A central question in complexity theory is how large-scale phenomena, such as such as self-organisation, perpetual novelty, and sustained diversity, emerge. Complex systems can be understood as networks of interacting components. The focus of this research is the role that the properties of such networks play in self-organisation and emergence in complex systems.
Based on the previously known concept of Dual Phase Evolution (DPE), I propose a theoretical framework, within which recurrent phase transitions in network connectivity underlie emergent phenomena in many systems. This DPE framework extends and refines the original concept.
Networks can exist in two general connectivity phases: well connected and poorly connected. DPE relates each of the two connectivity phases and the transition events between them to typical system dynamics. I analyse empirical and experimental evidence from published studies in areas as diverse as physics, biology, socio-economics, mathematics and computer science. The analysis implies that DPE is widespread and operates in many kinds of complex systems, where it drives emergence and self-organisation. What is more, the analysis uncovers hitherto unstudied deep similarities and common underlying processes between different complex systems.
To further understand the theoretical concepts of the DPE framework, I apply DPE in studies of mechanisms behind particular emergent properties in several types of complex systems:
Seeking to better understand the emergence of novelty and diversity in ecosystems, I develop and study an individual-based simulation model of adaptive radiation (speciation) in landscapes. Simulation results imply that recurrent external disturbances facilitate perpetual novelty and diversity in landscape populations through two complementary mechanisms: One mechanism constitutes recurrent DPE phase changes in landscape connectivity on several levels.
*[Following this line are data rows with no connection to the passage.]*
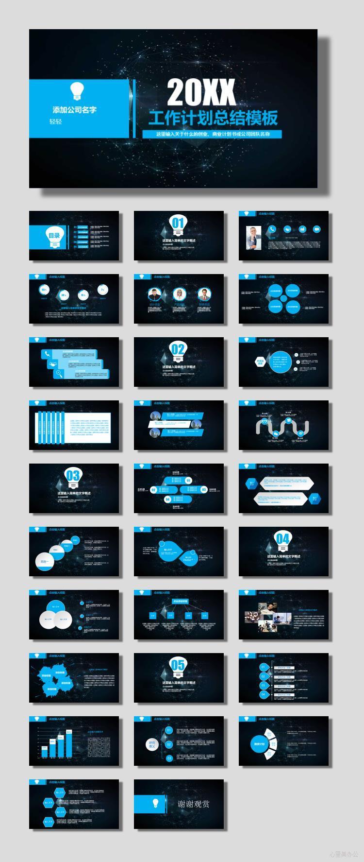 蓝色工作计划工作总结PPT模板下载到电脑里面,请使用Microsoft Office 2010上版本软件打开编辑修改(其它软件打开可能出现文件不能正常编辑或效果消失),作品中主体文字、图片、视频、音频可替换修改,文字修改可直接点击文本框进行编辑,图片更改可选中图片后单击鼠标右键选择更换图片,也可根据自身需求增加和删除作品中的内容文本。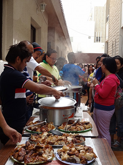 コミュニティの核となっているのは、職業、趣味、出身地、宗教(宗派)、出身大学等に基づく団体である。各団体は、結社の自由の制限に注意を払いながらも機会があるごとにメンバーが集まり、神へ感謝しながらフィリピン料理を食べ、情報交換や助け合いをする。助け合いはメンバー内にかぎらない。雇用主の家で虐待されシェルターに逃げてきたフィリピン人家事労働者に対し炊き出し(写真3)や帰国費用のカンパといった支援をしたり、フィリピンでの災害時には義援金を送ったりする。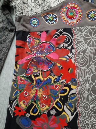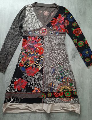 Vestido de la marca Desigual con un llamativo estampado. - Diseño con escote en V. - Mangas largas con detalle. - Corte evasé. Escucho ofertas razonables.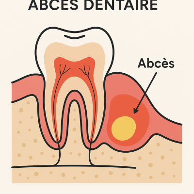 Origine de l'Infection : Un abcès dentaire se forme lorsque des bactéries infectent la pulpe dentaire ou les tissus parodontaux, souvent à cause de caries profondes, de maladies des gencives ou de traumatismes dentaires.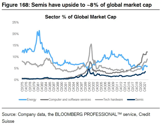 不管有没有元宇宙,半导体已经成为我们日常生活中越来越重要的一部分。 自1977年以来,人均半导体芯片数量从2个激增到146个,大约是70倍,这在很大程度上要归功于个人电脑和手机的普及。虽然近年来,智能手机占全球市场资本总额的比例已从1%增长到3%左右,但Nigam认为,到2030年,智能手机的市场份额仍有可能上升到8%左右。
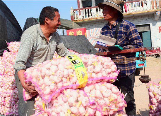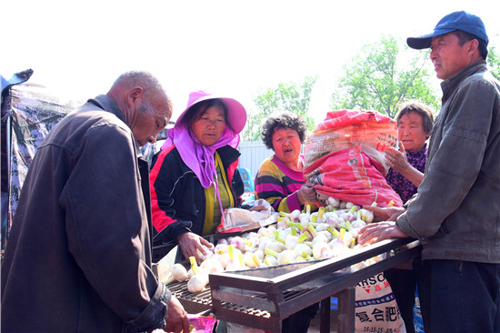4月26日下午,記者在淮陽縣王店鄉(xiāng)107國道沿線看到,各個大蒜的收購點車來車往,蒜農(nóng)們拉著新蒜賣給小販們。盡管今年春季雨水較少,天旱土地墑情較差,但是上萬畝大蒜,在蒜農(nóng)們施肥澆水管理下,長勢不錯,每畝產(chǎn)量在3000斤到4000斤之間,迎來疫情下的大蒜豐收。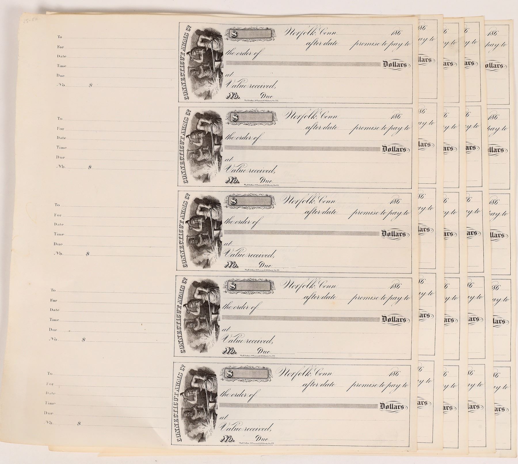 This lot holds four sheets of unissued checks from the Connecticut Arms Company of Naubuc, Conn. by brothers Henry and Lewis Hammond. A total of 20 checks and registers. Each check is dated to 186_. The Connecticut Arms Co. ran from 1863 to 1868 producing Bulldog style derringers in a hefty .44 caliber. In very good condition.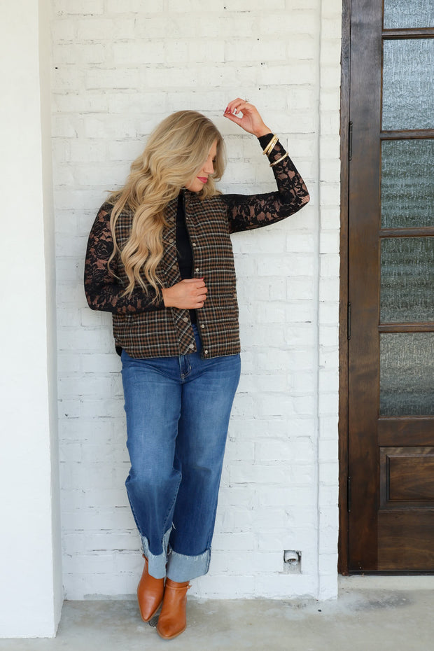This Vest features a sleeveless, waist-length design with a top collar for added warmth. Its zip-down front makes it easy to wear, while the plaid print adds a classic touch. Perfect for layering on cooler days, this vest combines style and comfort effortlessly.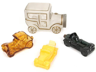 fabrication en verre & céramique - différentes échelles - comprend : une boite à bonbons & 3 bouteilles d'après rasage - manque 2 bouchons - on y retrouve principalement la marque AVON

The other mechanism is alteration of the environment in disturbed areas leading to modified selection regimes.
As a result of the simulation studies of landscape evolution, I develop a new genetic model that combines the advantages of two existing genetic models. The new model allows individual-based simulation studies of genetics on holey fineness landscapes (HFLs). Such fitness landscapes result from biochemical constraints to genetic viability and have previously only been studied analytically. Simulation studies of reproductive isolation uncover that when HFLs are considered, common predictions about maintenance of reproductive isolation in migrating populations change. Results also show that HFL-genetics can facilitate the emergence of stable hybrid populations, and the evolution of social selection though reinforcement.
Continuing to study and apply DPE, I investigate how DPE processes can lead to the emergence of important network topologies. Using simulations models, I demonstrate two possible mechanisms behind emergent connectivity phase transitions without facilitation by external stimuli. A study of social network models reveals simple mechanisms that lead to structures typical of some real social networks and points towards general principles for emergence of important topologies such as modularity. A study of a network model of co-operations in markets reveals further mechanisms behind the emergence of complex and hierarchical modularity.
Generative models for scale-free networks, that are ubiquitous in many natural systems, are well known, however, such models apply to growing networks. I propose and examine a generative model for scale-free topologies that can account for some scale-free networks of constant size found in nature.
A wider context for DPE as a framework for reasoning about complexity is provided by examining the relationship between DPE and other established concepts such as Self-Organised Criticality and the Adaptive Cycle. In conclusion, DPE complements other established theories.
In general, network-theoretical approaches, such as DPE, are powerful paradigms in understanding complexity. This thesis shows that recurrent changes in connectivity of component interaction networks constitute a broad mechanism for emergence and self-organisation in complex systems, and demonstrates this mechanism in several specific biological and socio-economic systems.